Warning: LogLynx performs its own filtering. Using Traefik filters may limit analysis capabilities.


Performance Tuning

High-Traffic Environments

For environments with >1000 req/s:

accessLog:
  filePath: "/var/log/traefik/access.log"
  format: json
  bufferingSize: 1000  # Large buffer

  # Optional: Reduce logged fields
  fields:
    defaultMode: keep
    headers:
      defaultMode: drop  # Don't log all headers
      names:
        User-Agent: keep
        Referer: keep

Disk I/O Optimization

Mount log volume on fast storage:

volumes:
  - type: bind
    source: /mnt/ssd/traefik-logs  # SSD storage
    target: /logs

Or use tmpfs (RAM) for extreme performance:

volumes:
  - type: tmpfs
    target: /logs
    tmpfs:
      size: 1G  # 1GB RAM disk

Warning: tmpfs logs are lost on restart.

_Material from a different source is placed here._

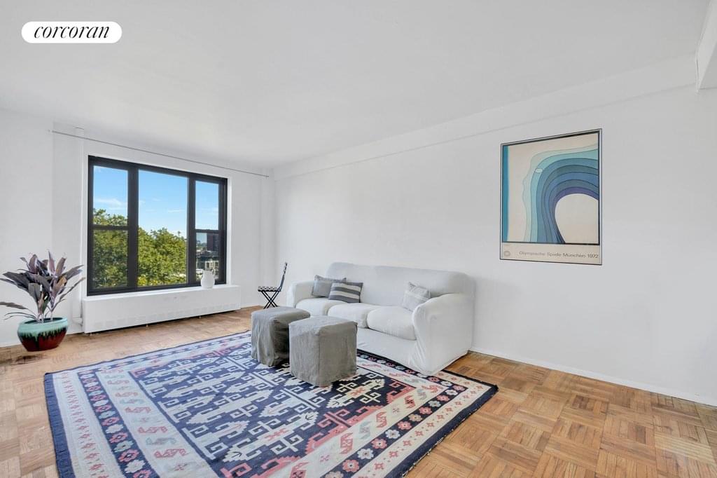 Back on the market just in time to see Clinton Hill in all its Spring glory!!!!! 355 Clinton Avenue, 7H is a flexible, spacious 2BD - 1BA apartment located in the coveted South Campus of the Clinton Hill Co-ops. With exquisite views through five oversized windows, the apartment has fantastic light and an airy, open feel. The living room boasts a picture window overlooking landmarked Clinton Hill, and its neighboring brownstones and churches amid the treetops. The second bedroom/home office is presently used as a dining room. This room feels like a corner room because of its adjacent windows providing cross breezes and panoramic views that create a more spacious feeling. The king-sized primary bedroom has two large closets and additional open views. The kitchen has a tumbled marble backsplash and ample cabinet storage. Hardwood floors, three spacious hall closets and a long foyer complete this well-proportioned apartment.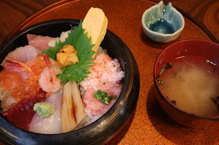 最後は、近江町市場で昼食です。 観光客で大賑わいでした、新鮮な魚介類がいっぱいです。 昼食は、近江町食堂の名物海鮮丼です。著名人も多く訪れるこのお店、、新鮮な海鮮丼は最高です! |

Use log shipper to forward immediately.

LogLynx Integration Settings

Configure LogLynx source for optimal performance:

# LogLynx config.yaml
sources:
  - name: "traefik-prod"
    type: "traefik"
    path: "/var/log/traefik/access.log"
    format: "json"

    # Polling interval (how often to check for new logs)
    poll_interval: "1s"  # Default

    # Batch size (how many log lines to process at once)
    batch_size: 1000  # Default

    # Buffer size (internal LogLynx buffer)
    buffer_size: 10000  # Default

Performance Guidelines:

Traffic Level poll_interval batch_size buffer_size
Low (<100 req/s) 5s 500 5000
Medium (100-500 req/s) 2s 1000 10000
High (500-2000 req/s) 1s 2000 20000
Very High (>2000 req/s) 500ms 5000 50000

Troubleshooting

Problem: Logs Not Appearing in LogLynx

Symptoms: LogLynx shows no new logs, but Traefik is receiving traffic

Checks:

  1. Verify log file exists:

    ls -lh /var/log/traefik/access.log
  2. Check file permissions:

    # LogLynx needs read permission
    chmod 644 /var/log/traefik/access.log
  3. Verify log format:

    head -n 1 /var/log/traefik/access.log

    Should see JSON if format: json is configured.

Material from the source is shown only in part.